» WORK REQUIRED
Exactly the lines from the one with "unendliches quadrat/schwarz-gelb kombinatorische" through the end of the data below must be set down, and no pictures with them.

» DATASET SECTION
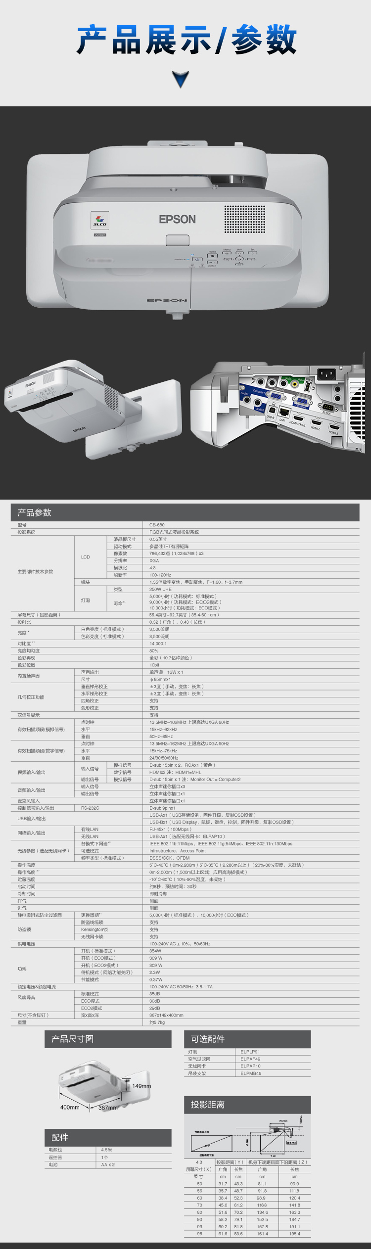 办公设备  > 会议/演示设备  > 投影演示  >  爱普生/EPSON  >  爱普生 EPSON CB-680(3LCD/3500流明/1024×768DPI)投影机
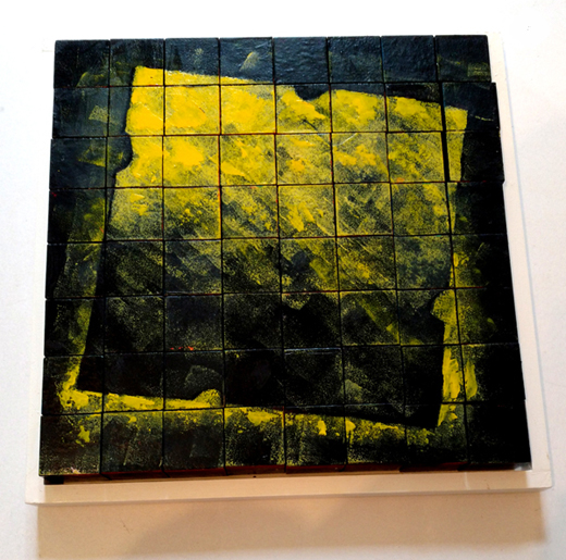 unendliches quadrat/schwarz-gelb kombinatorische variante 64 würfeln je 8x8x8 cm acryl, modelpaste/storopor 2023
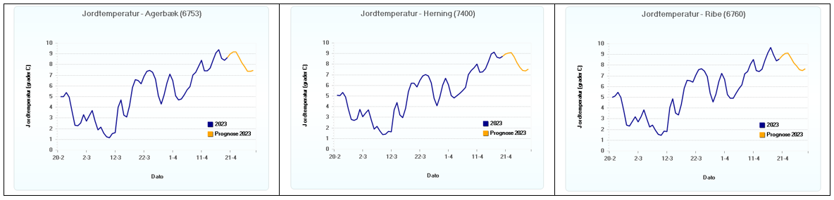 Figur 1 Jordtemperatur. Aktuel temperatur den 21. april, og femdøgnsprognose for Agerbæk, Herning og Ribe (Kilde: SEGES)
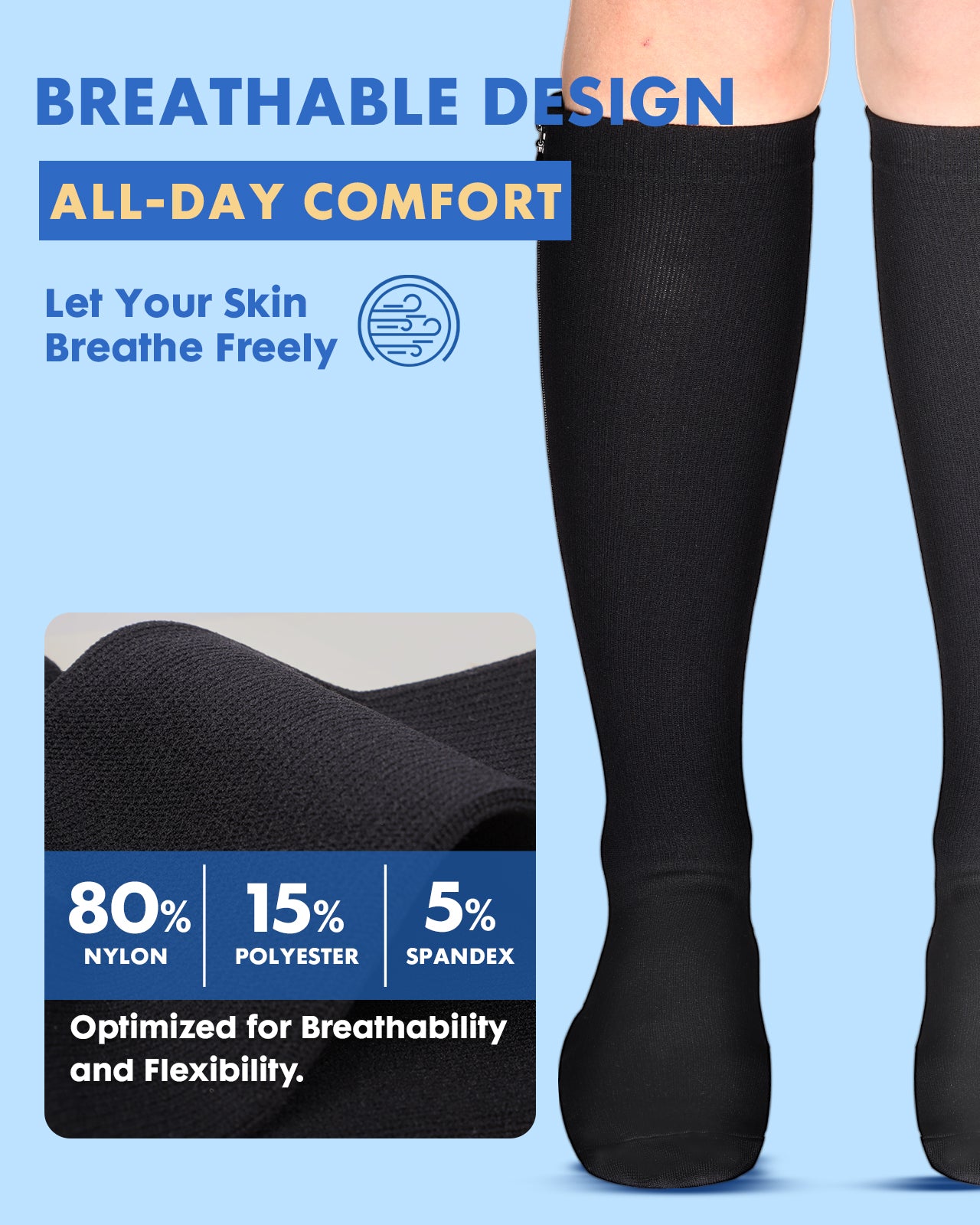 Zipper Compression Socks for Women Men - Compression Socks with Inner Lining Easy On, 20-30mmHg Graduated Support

» TASK ANSWER
 unendliches quadrat/schwarz-gelb kombinatorische variante 64 würfeln je 8x8x8 cm acryl, modelpaste/storopor 2023
 Figur 1 Jordtemperatur. Aktuel temperatur den 21. april, og femdøgnsprognose for Agerbæk, Herning og Ribe (Kilde: SEGES)
 Zipper Compression Socks for Women Men - Compression Socks with Inner Lining Easy On, 20-30mmHg Graduated Support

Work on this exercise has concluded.